** Records shown follows **

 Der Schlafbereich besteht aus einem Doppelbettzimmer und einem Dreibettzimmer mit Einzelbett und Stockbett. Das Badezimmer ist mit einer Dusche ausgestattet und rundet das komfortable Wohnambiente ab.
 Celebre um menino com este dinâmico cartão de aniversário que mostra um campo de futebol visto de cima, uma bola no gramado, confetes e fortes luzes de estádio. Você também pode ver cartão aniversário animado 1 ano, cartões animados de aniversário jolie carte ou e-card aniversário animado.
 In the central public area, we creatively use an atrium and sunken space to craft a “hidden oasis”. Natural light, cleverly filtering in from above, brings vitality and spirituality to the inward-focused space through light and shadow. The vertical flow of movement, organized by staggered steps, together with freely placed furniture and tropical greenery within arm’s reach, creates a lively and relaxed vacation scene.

** End of Records shown **
** Records shown follows **

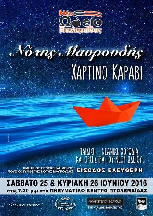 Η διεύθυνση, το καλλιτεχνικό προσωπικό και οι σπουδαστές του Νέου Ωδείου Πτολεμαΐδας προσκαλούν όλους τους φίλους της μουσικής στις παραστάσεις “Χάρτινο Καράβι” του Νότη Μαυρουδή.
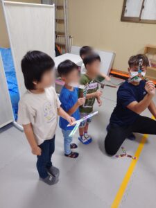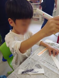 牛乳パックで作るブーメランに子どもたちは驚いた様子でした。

** End of Records shown **

• [What you should do]
For this exercise, transcribe exactly the part of the records above that opens with the line containing "Η διεύθυνση, το" and closes with the one containing "牛乳パックで作るブーメランに子どもたちは驚いた様子でした。". Pictures are not part of the copy.

• [Exercise answer]
 Η διεύθυνση, το καλλιτεχνικό προσωπικό και οι σπουδαστές του Νέου Ωδείου Πτολεμαΐδας προσκαλούν όλους τους φίλους της μουσικής στις παραστάσεις “Χάρτινο Καράβι” του Νότη Μαυρουδή.
 牛乳パックで作るブーメランに子どもたちは驚いた様子でした。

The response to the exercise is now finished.